Два тяжелых целлофановых мешка, каждый – килограмма по два весом, мы завернули в свои куртки. В барак возвращались точно так же, как в кладовку шли, только с еще большим страхом, я по крайней мере: ведь один из пакетов был у меня под мышкой. А Сашка – он нёс второй пакет – без всякого страха, в открытую, дымя сигаретой.
В бараке было темно и тихо, все вроде спали. Стараясь не шуметь, мы взобрались наверх, засунули свою добычу поглубже в спальники. Я улегся, но какое-то время был бодрым и возбужденным. Вспоминались все подробности нашего ночного приключения. Потом я почувствовал, что «вырубаюсь», глаза начали слипаться. Еще бы – ведь до побудки оставалось всего ничего.
«Они, небось, тоже крали жратву… У плантаторов…» – это было последнее, что промелькнуло у меня в голове.
Глава 6. Министр с удачной фамилией
– Ах, чтоб он сдох, зараза! Да пошел он на… – Тут Сашка Носов неприлично выругался.
Мы захохотали. Неприличное слово было частью фамилии того самого человека, которого Сашка покрыл. Звали его Худабердыевым, и был он не кем-нибудь, а министром сельского хозяйства Узбекистана. Неприличные слова мы произносили достаточно часто и по любому поводу. Но в этот день у нас были особые причины ругать министра и издеваться над его фамилией.
* * *Уже наступил декабрь, на хлопке мы были второй месяц – в бараке на косяке двери ежедневно делались зарубки, и теперь их было тридцать три. С каждым днем погода становилась все хуже и случались такие дождливые дни, что нас даже не гоняли на хлопок. В бараке мы проводили время не так уж плохо, пели под гитару, играли в шахматы. Но зачем, спрашивается, торчать нам в бараке, чего мы ждем, когда на поле собирать нечего, да и дожди льют? Ведь идет учебный год, уже и до сессии не так далеко… Однако об отъезде не было и речи. Мало того: домой не отпускали даже заболевших. В середине ноября у одной первокурсницы случился сердечный приступ. Ее отвезли в какую-то местную больницу, подлечили немного и… снова привезли в барак. Долечится, мол, на хлопке. Таков был приказ «сверху». Возмущались даже преподаватели, особенно физрук. Кстати, вскоре и с ним самим произошла похожая история.

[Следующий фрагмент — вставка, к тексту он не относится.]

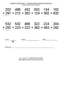 In this addition activity, 3rd graders add three digit numbers to one and two digit numbers without regrouping. Students complete 40 problems.
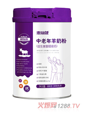 惠瑞健中老年配方奶粉,精選優(yōu)質奶源,采用先進生產工藝制作,添加雨生紅球藻、菊粉+植物甾醇、;撬帷⒍喾N維生素,特別添加七聯(lián)益生菌,富硒高鈣配方,均衡營養(yǎng),更好吸收。
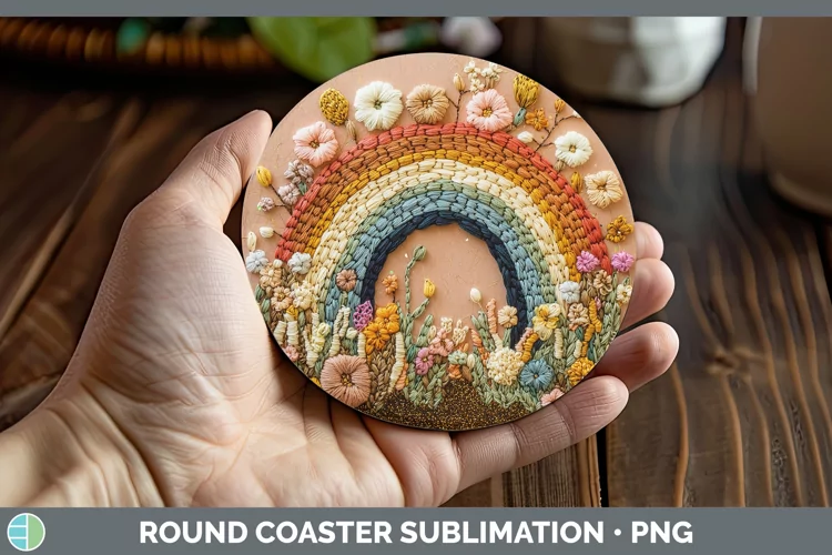 Embroidered Rainbow Round Coaster Sublimation Coaster Design
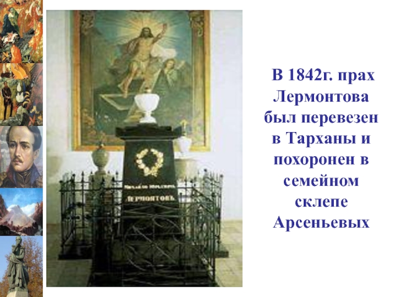 Слайд 17 В 1842г. прах Лермонтова был перевезен в Тарханы и похоронен

Мы только вернулись с поля и умывались перед ужином, как на нас налетел запыхавшийся Эрудит. Дышал он, как тот древний грек-марафонец.
– Скорее… на поле… Артемыча… переехало! – пропыхтел он.
Ни о чем не спрашивая, ринулись мы на дальнее поле, где сегодня работали. Но не пробежали и полдороги, как повстречался нам трактор с прицепом. Лицо у тракториста было испуганное, растерянное. На прицепе лежал бледный, стонущий Артемыч, которого какой-то студент придерживал за плечи. Оказывается, этот самый тракторист, приехавший сменить херманы, двинул трактор назад и сбил Артемыча. Слава богу, что херманы, стоявшие в прицепе, были пока еще пусты, слава богу, что задние колеса прицепа не грудь переехали бедному мужику и не голову раскололи, а прошлись по бедру и ягодице. Эти части тела у спортсмена Артемыча были благодаря тренировкам достаточно хорошо развиты. Но больно ему было так, что на каждой кочке, когда прицеп потряхивало, бедный Николай протяжно охал. Когда на другой день (только на другой!) его доставили в сельскую больницу, рентген переломов не показал – и Артемыча вернули в барак. Долечиваться, – как ту первокурсницу. Не стану описывать, как он ругался.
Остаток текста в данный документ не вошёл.